→ WHAT IS REQUIRED: Return each line exactly, beginning with the one that has "En el video" and finishing with the final line of the material. Drop any pictures.
(PROVIDED DATA Opens)
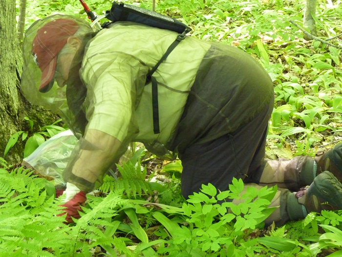 Unfortunately, there always seems to be a fly in every ointment, and the fly in the hunting wild leeks ointment happens to be an all-too-real fly, the black fly. The peak of these nasty biting insects happens to coincide with leek season, and the pesky critters abound in the area where we hunt wild leeks. Indeed, Warner often says that we’re the East Coast Distributors for black flies! Edie is particularly bothered by black fly bites, and so she set forth wearing a net bug suit suit from Bug Baffler that covered her from head to toe. If you haven’t tried one of these suits, they can provide complete protection from black flies and mosquitoes for adults and children alike.
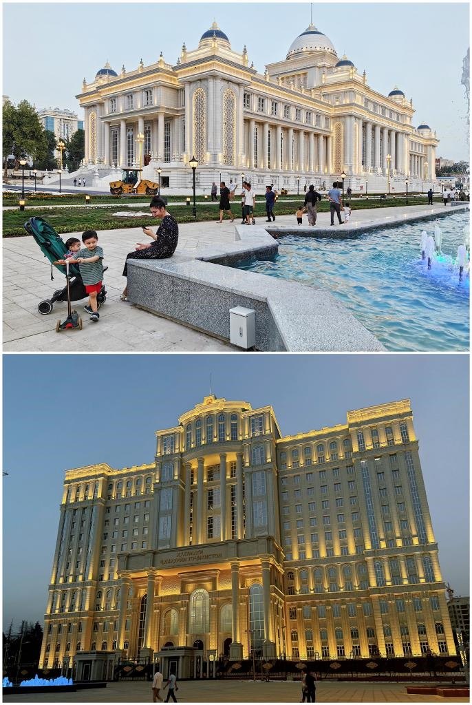 塔議會大樓、政府大樓坐落于杜尚別著名的魯達基大道,相隔數(shù)百米。議會大樓同總統(tǒng)府相望,政府大樓則俯瞰杜尚別另一條交通干道——索莫尼大道。兩座大樓融合歐亞古典柱廊結構、塔吉克民族特色雕刻、伊斯蘭文化風格的設計,外觀大氣、典雅莊重,同魯達基大道兩側的古樹、鮮花、噴泉相映成景。
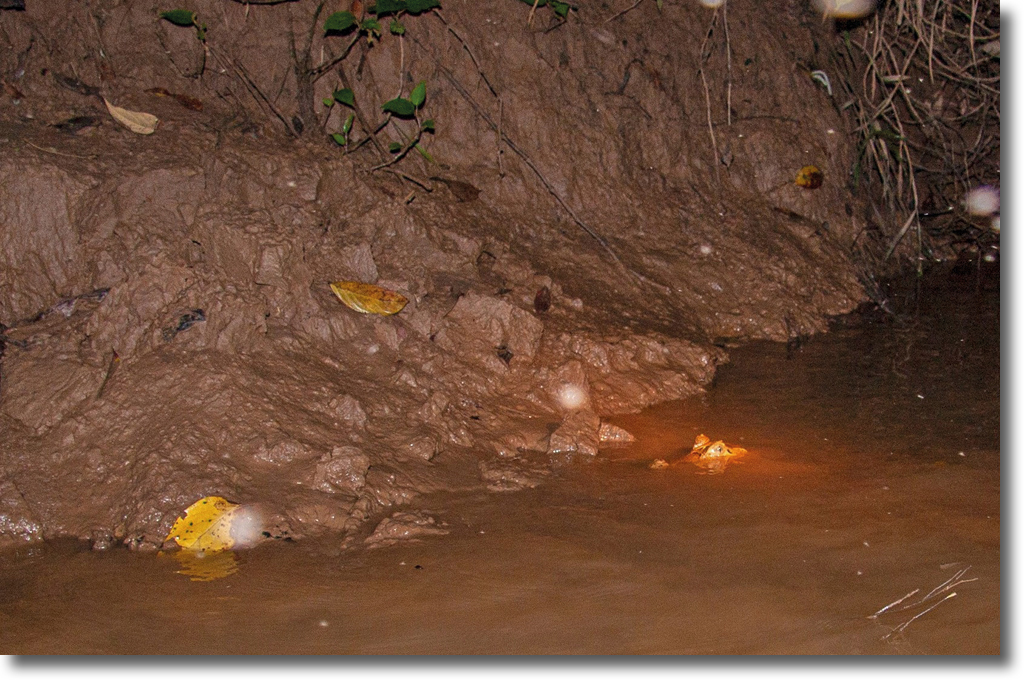 На головы у нас были одеты налобные фонарики, которые должны были освещать путь и помогать искать в темноте светящиеся глаза кайманов. Кайманы, так же как и хамелеоны, обладают удивительной способностью изменять цвет тела, особенно если вокруг становится холоднее. В это время цвет меняется с более светлого на тёмно-коричневый.
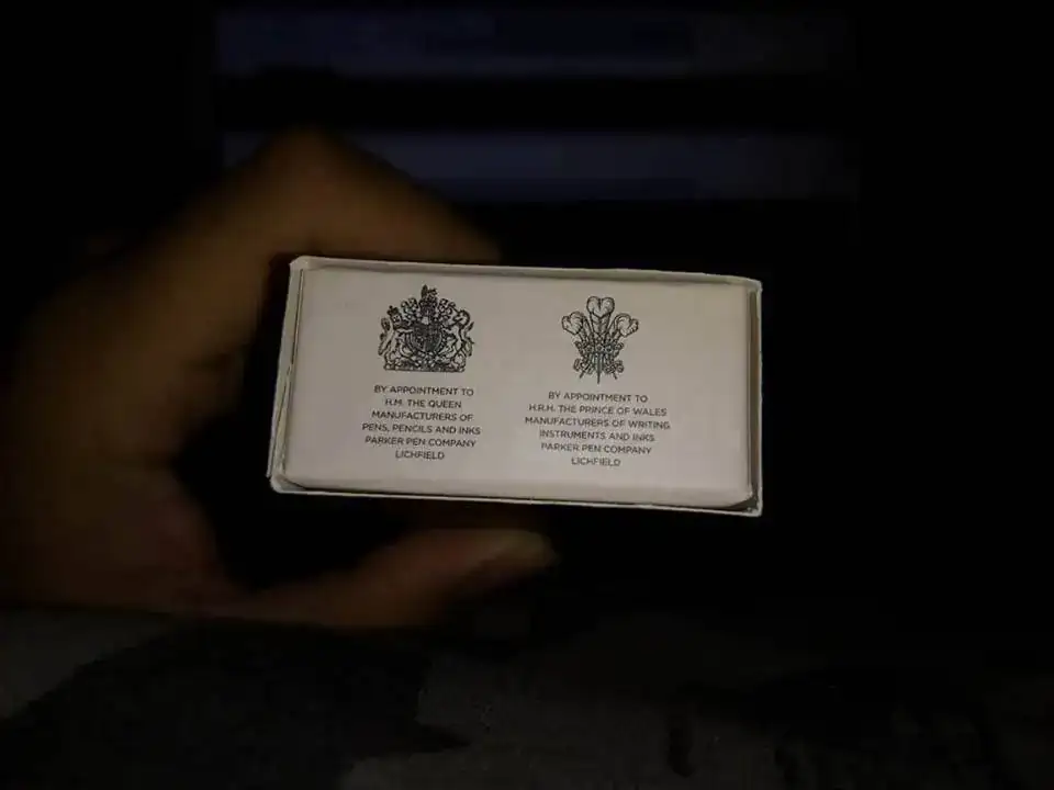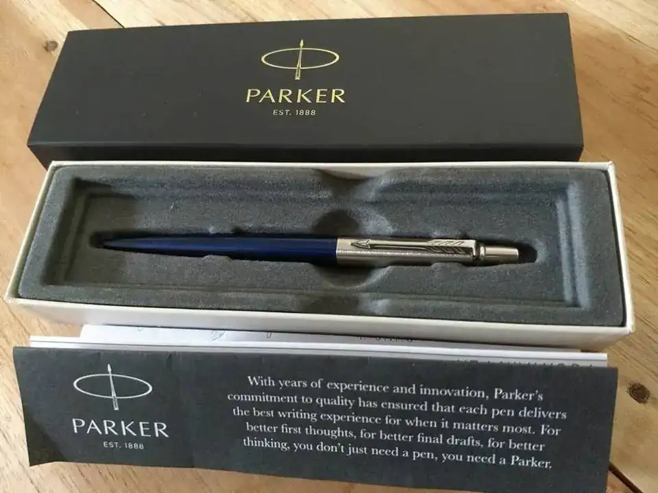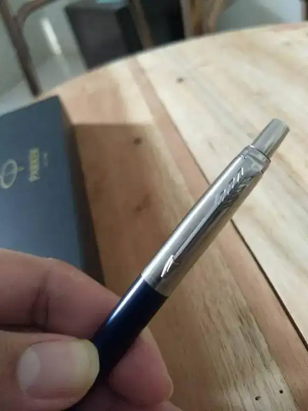 vino con un papel tipo instructivo y garantía y en la parte plateada tiene grabado (muy fino y dificil de ver) el logo de la marca y la palabra PARKER
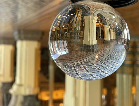 Dabei merke ich aber auch, dass es gar nicht so einfach ist, mit der Kugel gute Aufnahmen zu machen. Die Scheinwerfer, die überall die Räume erstrahlen, stören zum Teil enorm.
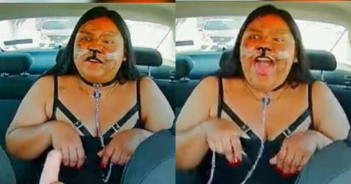 En el video se observa que la mujer sube al carro actuando como un perro, con el rostro maquillado y haciendo gestos inusuales.
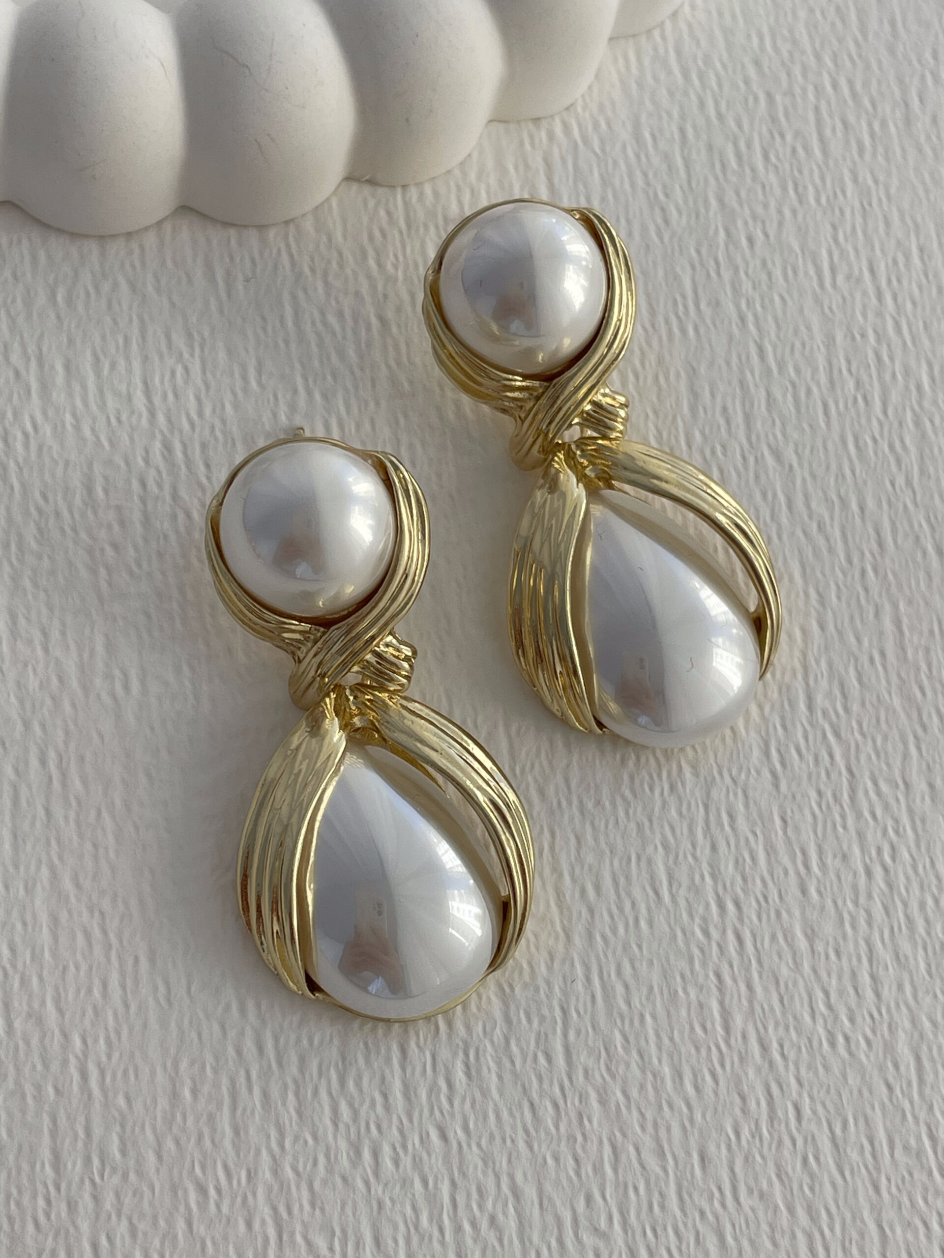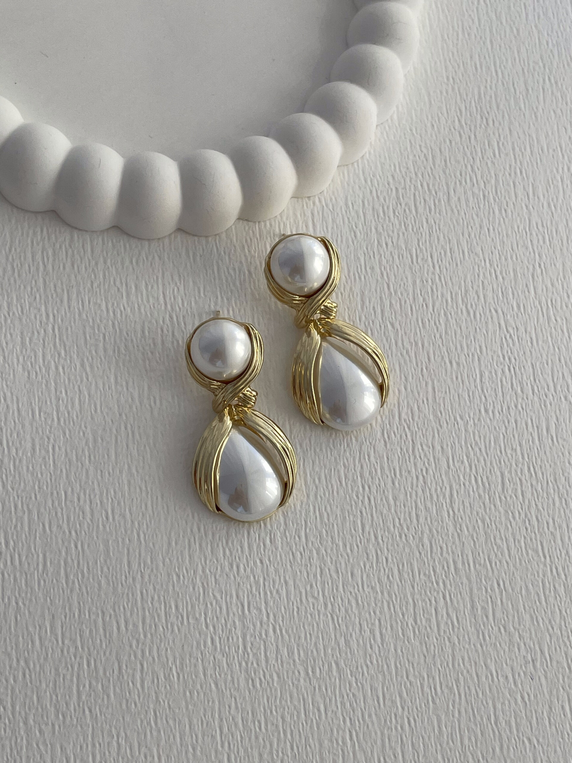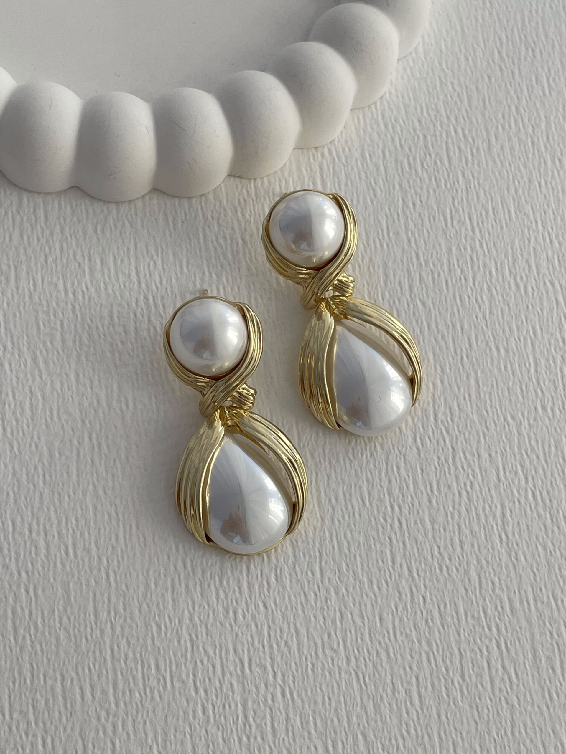 Özel Seri Damla İnci Detay Düğüm Tasarım Gold Küpe
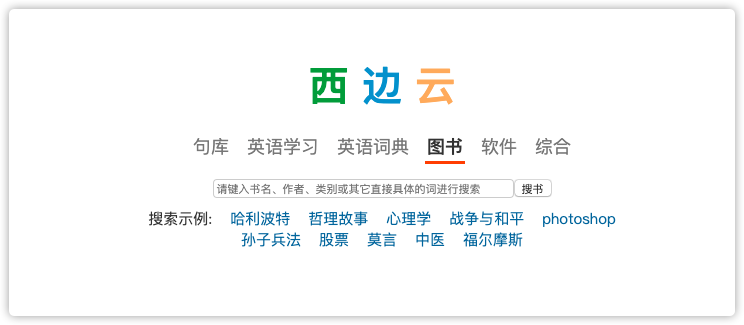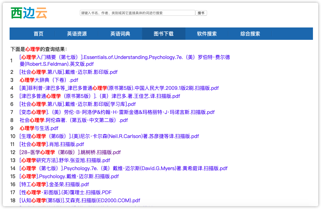 西边云是一个综合类的搜索引擎,和鸠摩搜书不同的是它除了可以搜索图书还可以搜索句库,英语词典等学习资料,亲测图书的搜书效果很棒,网站不提供高资源,只提供搜索引擎,搜出来的图书格式为PDF。
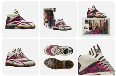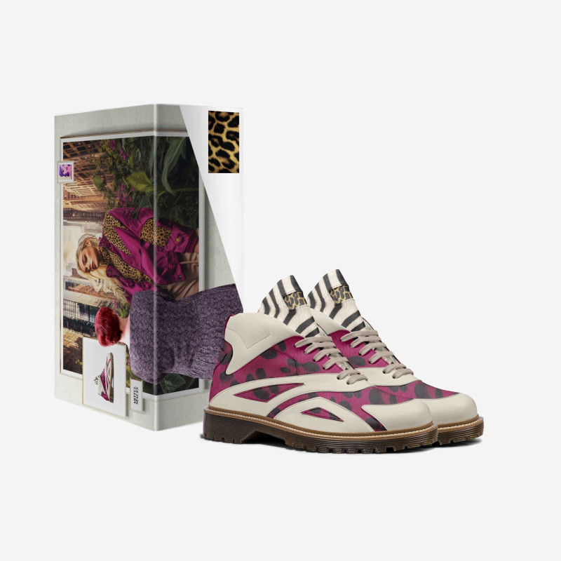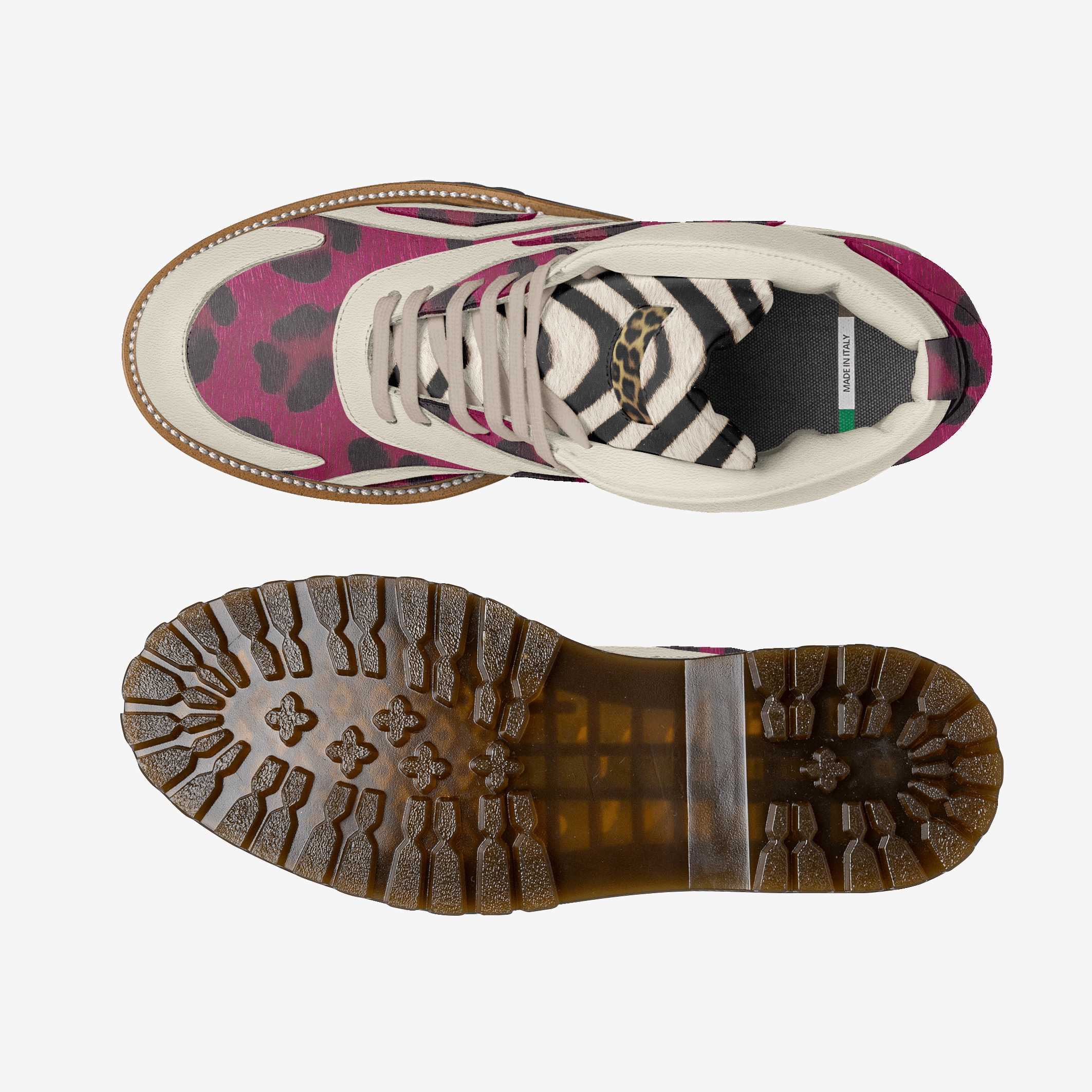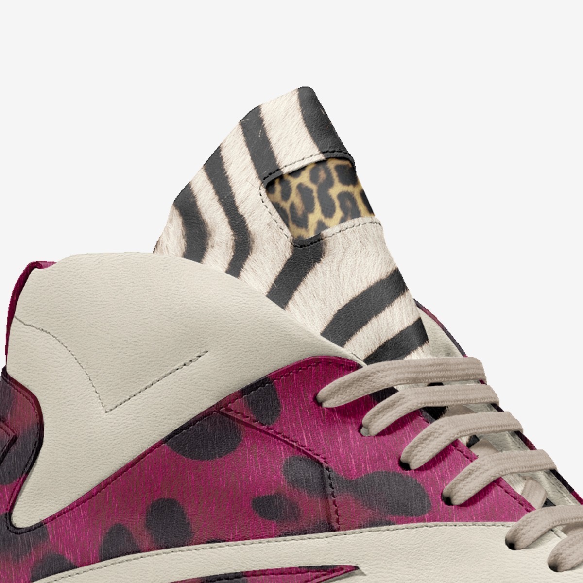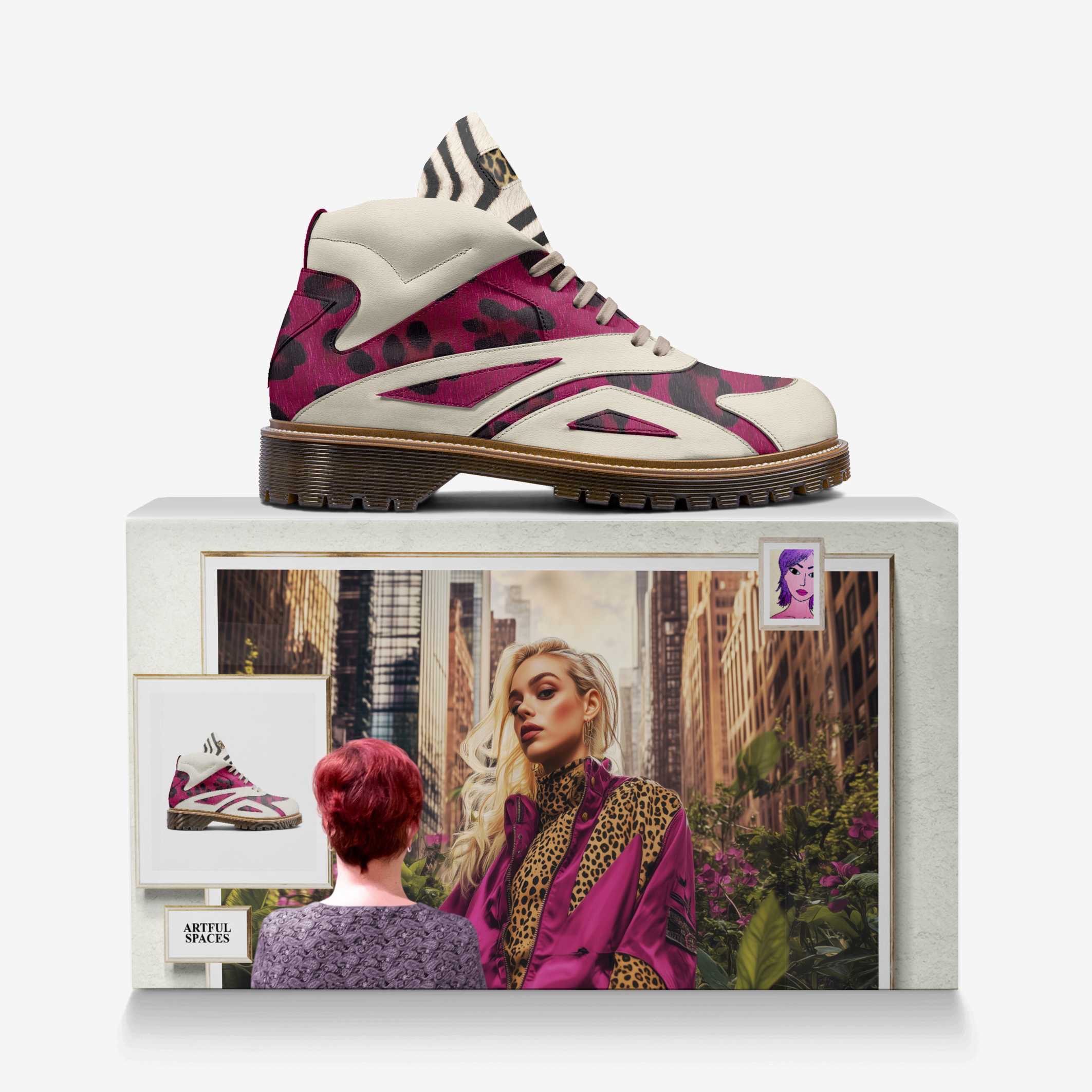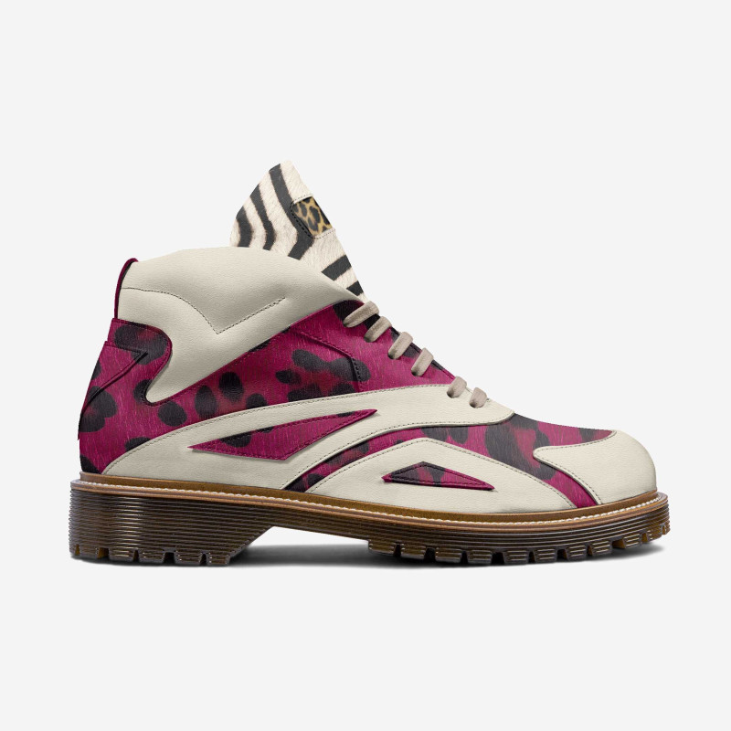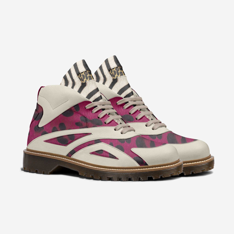 Vibrant berry-toned animal print contrasts elegantly with cream accents and a zebra-print tongue for a dynamic, bold aesthetic.
(PROVIDED DATA Closes)
→ RESULT BELOW:
 En el video se observa que la mujer sube al carro actuando como un perro, con el rostro maquillado y haciendo gestos inusuales.
 Özel Seri Damla İnci Detay Düğüm Tasarım Gold Küpe
 西边云是一个综合类的搜索引擎,和鸠摩搜书不同的是它除了可以搜索图书还可以搜索句库,英语词典等学习资料,亲测图书的搜书效果很棒,网站不提供高资源,只提供搜索引擎,搜出来的图书格式为PDF。
 Vibrant berry-toned animal print contrasts elegantly with cream accents and a zebra-print tongue for a dynamic, bold aesthetic.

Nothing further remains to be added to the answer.